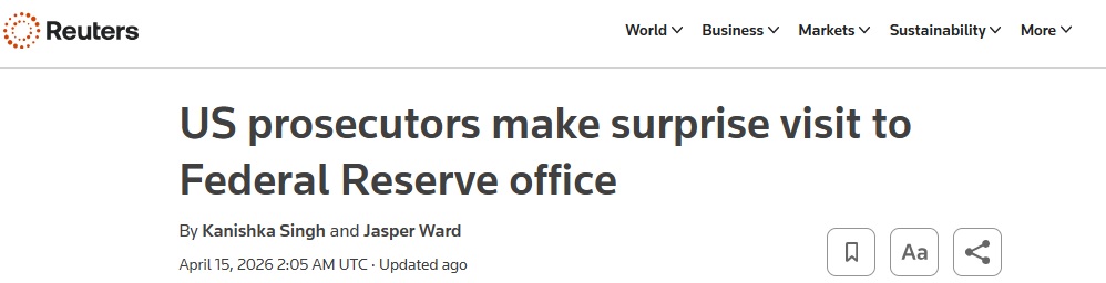 路透社周三(4月15日)最新报道,美国检察官让妮·皮罗(Jeanine Pirro)办公室的检察官于周二(14日)对美联储总部翻新工程的施工现场进行了突袭访问,此举正值川普政府继续对美联储施加压力之际。
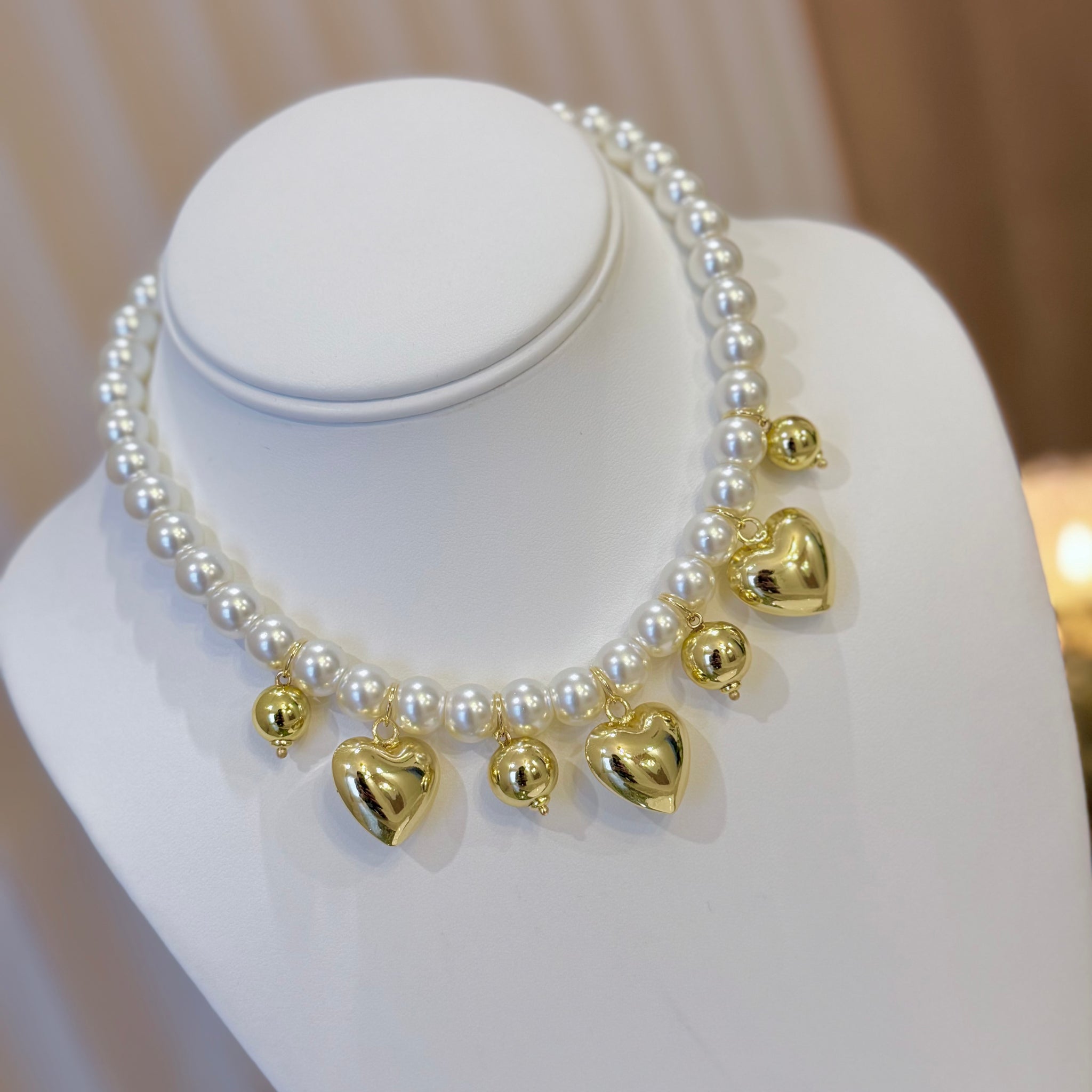 The Necklace Love and Pearl is a delicate and elegant piece that celebrates love and femininity through a timeless design. Its gold heart charm symbolizes self-love and emotional connection, while the pearl spheres add softness, harmony, and a natural glow that enhances any look with subtle elegance.
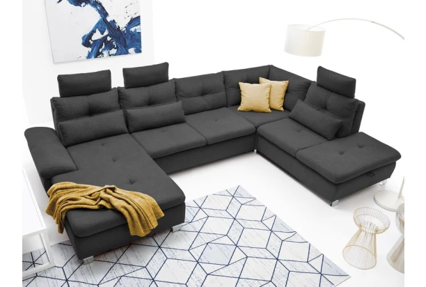 Prostorná trendová sedací souprava s půdorysem ve tvaru pravé U obsahuje funkci rozkladu na lůžko, dva různé úložné prostory, polohovatelnou područku, polštáře i tři opěrky hlavy, které můžete libovolně umístit na jakoukoliv část sedačky. Očalouněna příjemně měkkou látkou v odstínu tmavá šedá.
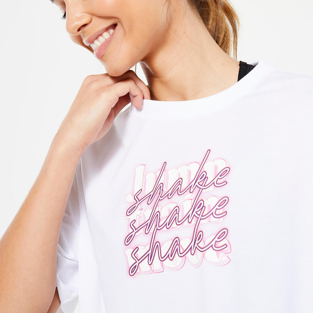 Ce crop top se porte simplement sur une brassière avec un pantalon de jogging ou un legging pour un look stylé. Sa coupe crop et son volume ample s'accordent avec toutes vos tenues et subliment votre silhouette. Vous aimerez le porter pour vos séances de sport comme pour vos sorties entre copines !
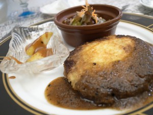 メインのハンバーグ。チーズが乗って、下に玉葱。うまいんだこれが。
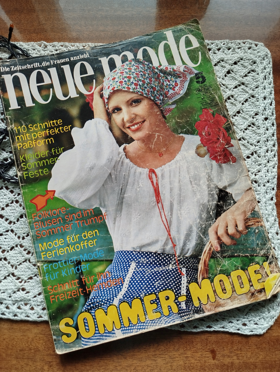 У меня есть разряд портнихи легкого женского платья. Не скажу, что он построил мою жизнь, но вклад внес. Когда надо сшить костюм на выступление, концерт, соревнования или ролевую игру - умение шить очень пригождается. Любовь к шитью у меня с детства, я ваяла куклам наряды очень активно. И более всего возбуждали творческую жилку иностранные журналы мод. У нас они были и очень интересные. Например Neue Mode с французскими вкладышами, привезенные тёткой из Алжира. Поначалу, когда я была маленькой, это было скорее окно в неизведанный мир, чем инструмент для творчества. Так классно было усевшись под торшером в кресле листать эти журналы и смотреть на элегантных женщин, необычные вещи и детей, так не похожих на меня и моих ровесников. Таких детей я только в фильмах братских социалистических стран видывала. Не говоря уж о прикидах. Из чего вообще такое шить? Позже я оценила, какие там классные выкройки. Видимо, поэтому эти журналы у меня в ужасном состоянии). Очень тонкая бумага местами и
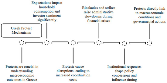 To move beyond chronology (see Figure 1), we adopt a formal interpretive framework that ties Greek protest waves to macro-outcomes via expectations, disruption, and institutional feedback, replacing narrative detail with mechanism-based interpretation and ending with testable propositions. This research answers how social movements during Greece’s crisis (2010–2015) shape macroeconomic dynamics and policy sequencing, and through which mechanisms? We investigate three channels: (i) expectations and confidence (household consumption, investor sentiment), (ii) disruption and coordination costs (strikes, blockades, administrative slowdowns), and (iii) institutional feedback (policy concessions, timing, and credibility). The objective is interpretive and theory-driven, not causal estimation: we map mechanisms and scope conditions that future empirical work can test. Greece serves as a critical case where austerity, mass mobilization, and institutional stress coincided, making it suitable for a literature-based, conceptual analysis.
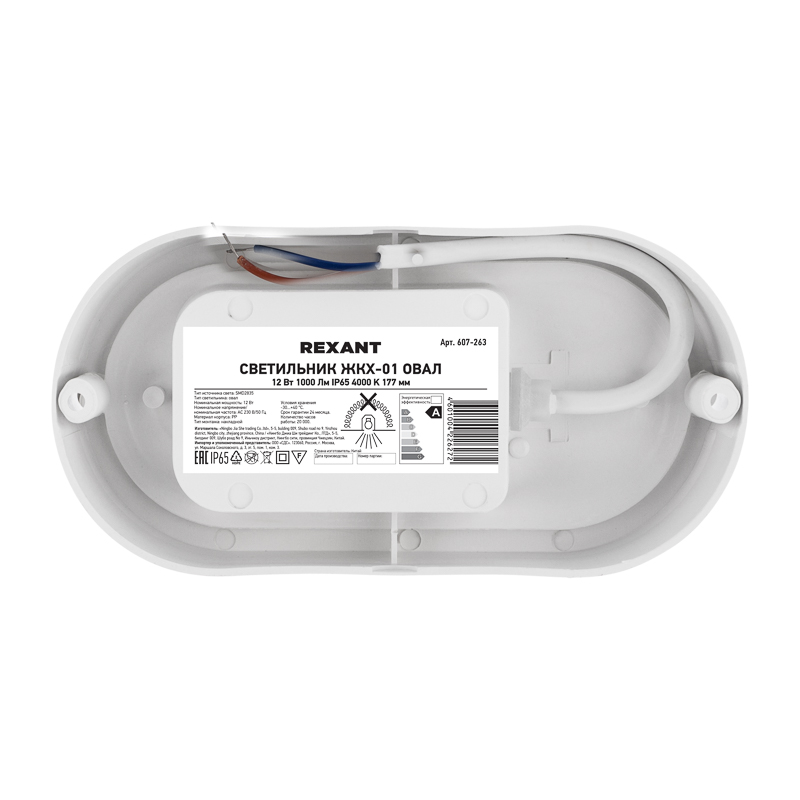 Светильник REXANT серии ЖКХ оснащен долговечным светодиодным источником света номинальной мощностью 12 Вт и световым потоком 1140 Лм.

=======

Work instruction: Leaving out any pictures, write the records above out exactly as they are.

Answer to the problem:
 路透社周三(4月15日)最新报道,美国检察官让妮·皮罗(Jeanine Pirro)办公室的检察官于周二(14日)对美联储总部翻新工程的施工现场进行了突袭访问,此举正值川普政府继续对美联储施加压力之际。
 The Necklace Love and Pearl is a delicate and elegant piece that celebrates love and femininity through a timeless design. Its gold heart charm symbolizes self-love and emotional connection, while the pearl spheres add softness, harmony, and a natural glow that enhances any look with subtle elegance.
 Prostorná trendová sedací souprava s půdorysem ve tvaru pravé U obsahuje funkci rozkladu na lůžko, dva různé úložné prostory, polohovatelnou područku, polštáře i tři opěrky hlavy, které můžete libovolně umístit na jakoukoliv část sedačky. Očalouněna příjemně měkkou látkou v odstínu tmavá šedá.
 Ce crop top se porte simplement sur une brassière avec un pantalon de jogging ou un legging pour un look stylé. Sa coupe crop et son volume ample s'accordent avec toutes vos tenues et subliment votre silhouette. Vous aimerez le porter pour vos séances de sport comme pour vos sorties entre copines !
 メインのハンバーグ。チーズが乗って、下に玉葱。うまいんだこれが。
 У меня есть разряд портнихи легкого женского платья. Не скажу, что он построил мою жизнь, но вклад внес. Когда надо сшить костюм на выступление, концерт, соревнования или ролевую игру - умение шить очень пригождается. Любовь к шитью у меня с детства, я ваяла куклам наряды очень активно. И более всего возбуждали творческую жилку иностранные журналы мод. У нас они были и очень интересные. Например Neue Mode с французскими вкладышами, привезенные тёткой из Алжира. Поначалу, когда я была маленькой, это было скорее окно в неизведанный мир, чем инструмент для творчества. Так классно было усевшись под торшером в кресле листать эти журналы и смотреть на элегантных женщин, необычные вещи и детей, так не похожих на меня и моих ровесников. Таких детей я только в фильмах братских социалистических стран видывала. Не говоря уж о прикидах. Из чего вообще такое шить? Позже я оценила, какие там классные выкройки. Видимо, поэтому эти журналы у меня в ужасном состоянии). Очень тонкая бумага местами и
 To move beyond chronology (see Figure 1), we adopt a formal interpretive framework that ties Greek protest waves to macro-outcomes via expectations, disruption, and institutional feedback, replacing narrative detail with mechanism-based interpretation and ending with testable propositions. This research answers how social movements during Greece’s crisis (2010–2015) shape macroeconomic dynamics and policy sequencing, and through which mechanisms? We investigate three channels: (i) expectations and confidence (household consumption, investor sentiment), (ii) disruption and coordination costs (strikes, blockades, administrative slowdowns), and (iii) institutional feedback (policy concessions, timing, and credibility). The objective is interpretive and theory-driven, not causal estimation: we map mechanisms and scope conditions that future empirical work can test. Greece serves as a critical case where austerity, mass mobilization, and institutional stress coincided, making it suitable for a literature-based, conceptual analysis.
 Светильник REXANT серии ЖКХ оснащен долговечным светодиодным источником света номинальной мощностью 12 Вт и световым потоком 1140 Лм.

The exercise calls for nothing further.